Population (2024-12-31)
- • Total: 12,926
- • Density: 73.243/km^{2} (189.70/sq mi)
- Time zone: UTC+01:00 (CET)
- • Summer (DST): UTC+02:00 (CEST)
- Postal codes: 14913
- Dialling codes: 03372
- Vehicle registration: TF, JB
- Website: www.jueterbog.eu

= Jüterbog =

Jüterbog (/de/) is a historic town in north-eastern Germany, in the Teltow-Fläming district of Brandenburg. It is on the Nuthe river at the northern slope of the Fläming hill range, about 65 km southwest of Berlin.

==History==
The Slavic settlement of Jutriboc in the Saxon Eastern March was first mentioned in 1007 by Thietmar of Merseburg, chronicler of Archbishop Tagino of Magdeburg.
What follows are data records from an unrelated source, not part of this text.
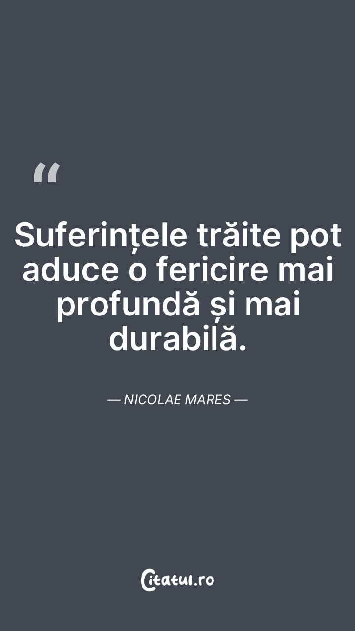 Suferințele trăite pot aduce o fericire mai p ... Citește tot citatul >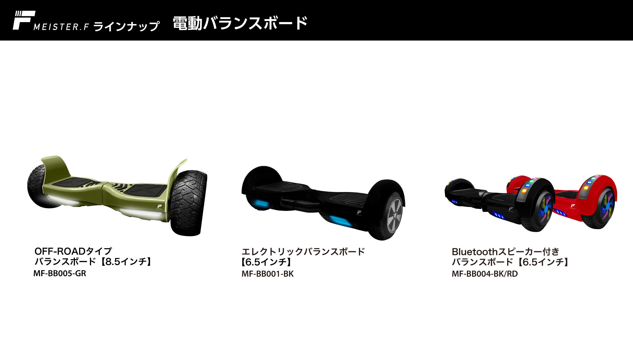 ご試乗頂いた電動キックボードと電動バランスボードは、店内のMEISTER.Fコーナーにてご購⼊いただけます。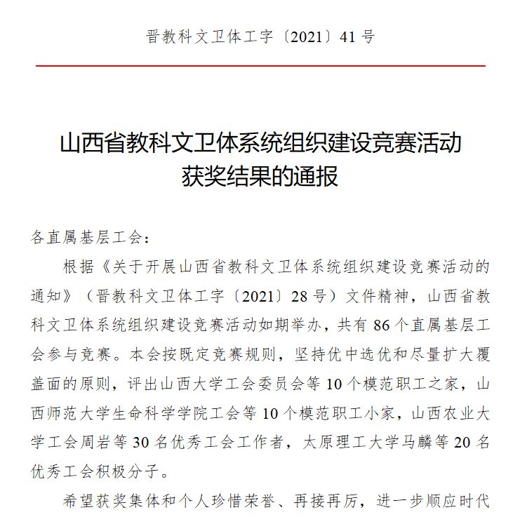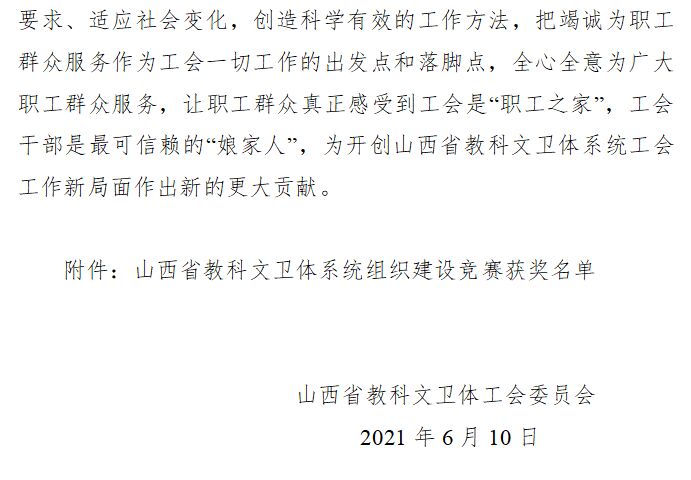 近日,山西省教科文卫下发关于《山西省教科文卫体系统组织建设竞赛活动获奖结果的通报》,B体育BSport工会荣获山西省教科文卫体系统“模范职工小家”荣誉称号。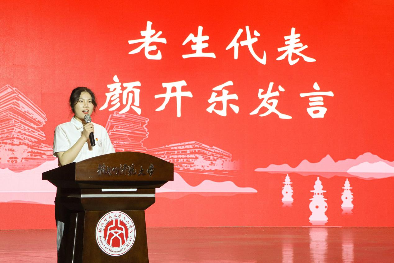 大会在热烈的掌声中圆满落幕。“叶蓁蓁,木欣欣,碧梧万枝新”,本次活动为新生筑牢了理想信念的根基,指明了今后人生的航向。在“勤慎诚恕,博雅精进”的校训和“博学笃行,止于至善”的院训的不断激励下,2022级新生放飞青春理想,树立远大志向,在成为“心中有梦、眼里有光、脚下有路”的卓越人文学子的路上愈行愈远。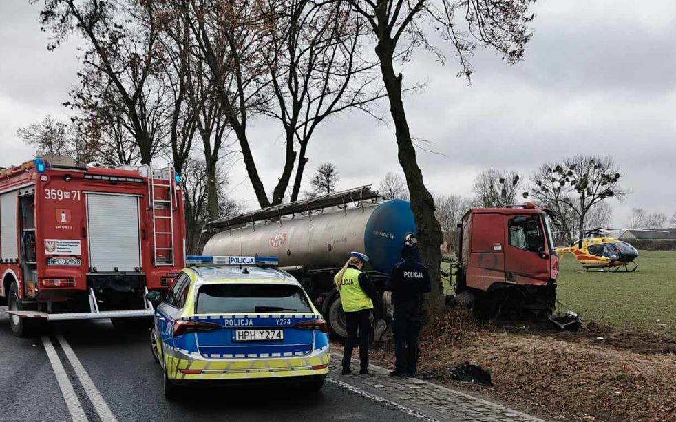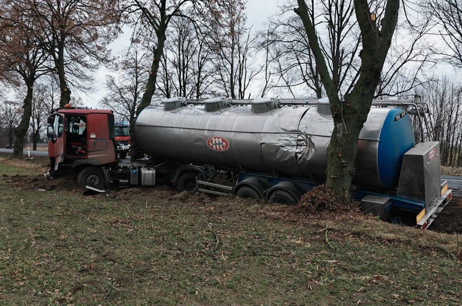 Droga jest całkowicie zablokowana. – Utrudnienia mogą potrwać do godz. 16, ponieważ trzeba przepompować mleko znajdujące się w cysternie – zapowiada Wojciech Pietrzak.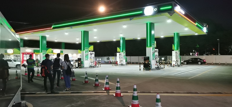 长兴路上的碧辟加油站夜间加油的车辆不多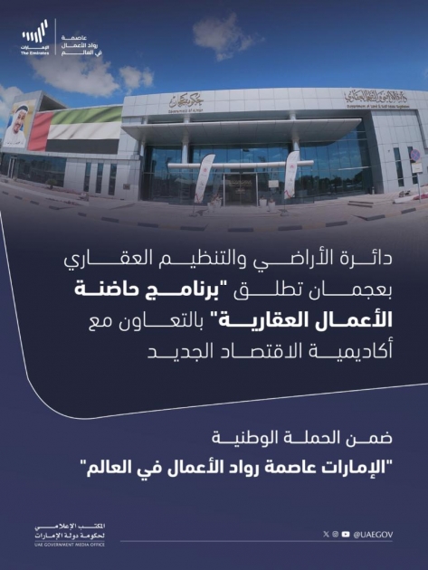 أطلقت دائرة الأراضي والتنظيم العقاري في عجمان، وبالتعاون مع أكاديمية الاقتصاد الجديد، برنامج "حاضنة الأعمال العقارية"، أحد برامج الحملة الوطنية "الإمارات عاصمة رواد الأعمال في العالم"، والذي يأتي ليشكل نقلة نوعية في دعم قطاع ريادة الأعمال العقارية في إمارة عجمان.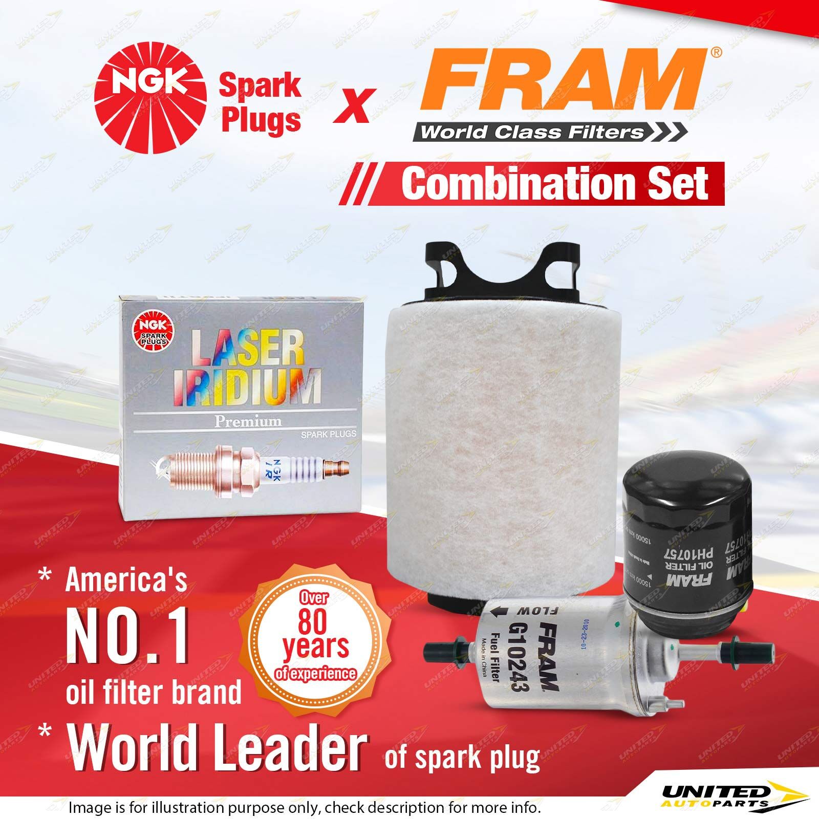 Contents : NGK Laser Iridium Spark Plugs + Fram Filter Service Kit

However, it was not incorporated into the Magdeburg diocese until 1157, when Archbishop Wichmann von Seeburg in the train of Albert the Bear established a burgward here. In 1170 Wichmann also founded the neighbouring Zinna Abbey and granted Jüterbog town privileges in 1174. The area remained a Magdeburg exclave between the Duchy of Saxe-Wittenberg and the Margraviate of Brandenburg throughout the Middle Ages.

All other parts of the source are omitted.